ガラス張りのドアはバスルームへ繋がり、壁には、著名な画家が描いたと思われる油絵の絵画が数点飾られており、初めてこの部屋を使う瑠衣は気後れしていた。


(天蓋付きのベッドは……凛華さんの趣味なのかな……)


そんな事を思いながら、瑠衣はいつしかソファーに腰掛けている新規の客の男の前に立ち、改めて挨拶をする。

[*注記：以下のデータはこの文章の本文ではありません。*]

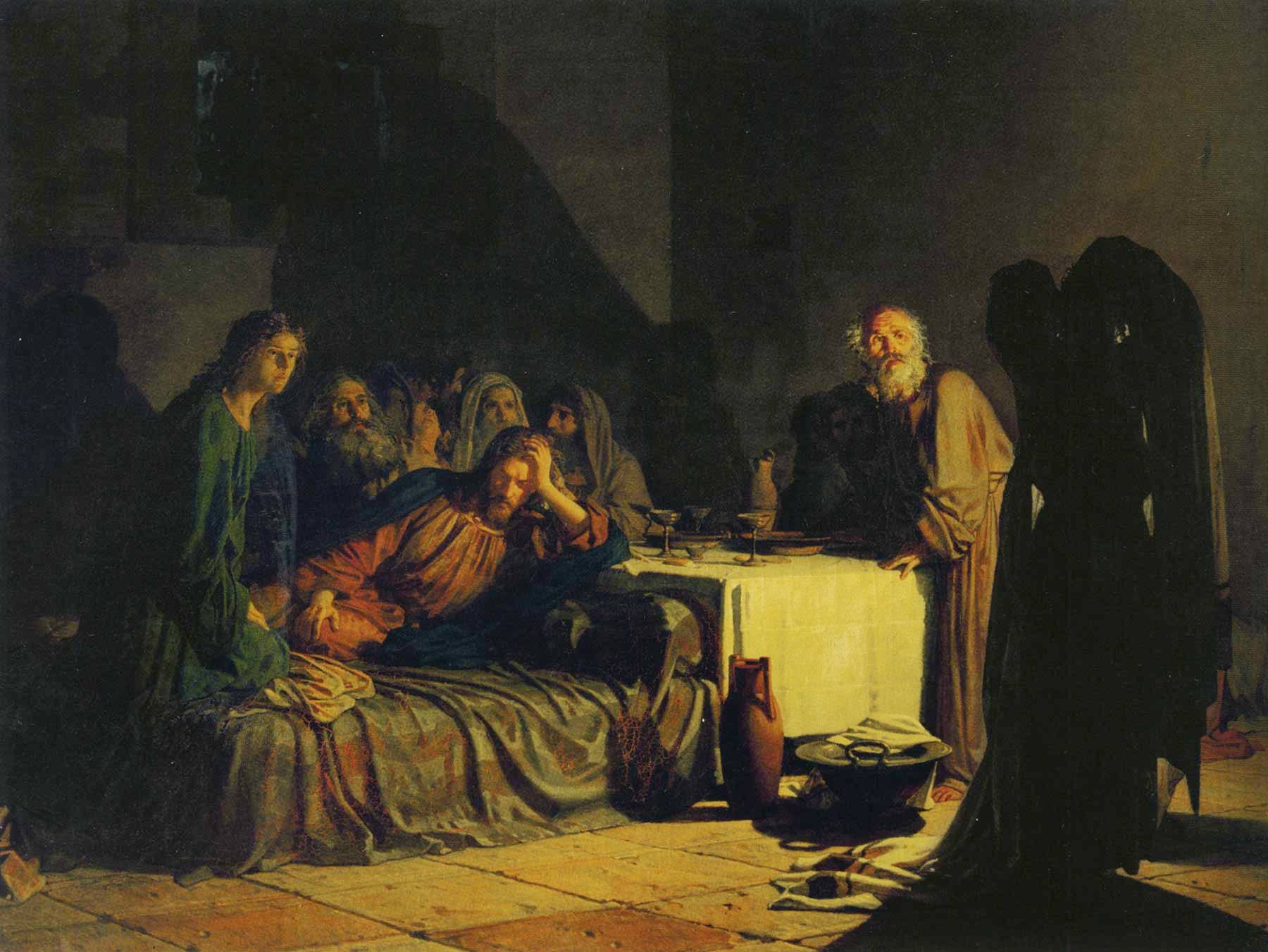 Одним из первых полотен Ге на библейский сюжет стало «Возвращение с похорон Христа».

「改めまして、ご指名ありがとうございます。愛音と申します」


「…………ああ。よろしく頼む」


先ほど、玄関ロビーで挨拶した時と同様に、両手を腹の前で重ね合わせ、背筋を伸ばして深々とお辞儀をすると、少し間を置いて男が答えた。


男は、瑠衣の瞳ではなく、少し下あたりに視線を送っている。


表情を無にしたまま、唇あたりを凝視している男に、瑠衣は警戒してしまう。


部屋にはピンと張り詰めた空気が漂い、この無言が続いている時間が、彼女にはもどかしく感じる。


緊張した空気を破ったのは、男の方からだった。


森閑とした部屋の中に、落ち着いた低い声が瑠衣を包む。


「お前……」


その先、何を言われるのだろう、と瑠衣は身構えた。


客の男は、その先の言葉を繋げる事に、どことなく躊躇っているようにも見える。


「…………いや、何でもない」


男は立ち上がると、突然瑠衣の腰を抱き寄せた。


「さて……」


長い指先が瑠衣の顎を掴み、上を向かせた後、親指で唇をそっとなぞり、そのまま彼女の唇の横にあるホクロを、焦らすように触れる。


「お前の身体を…………早速楽しませてもらうとしよう」


男は耳朶に口を含んで吸い立てた後、首筋に唇を這わせていった。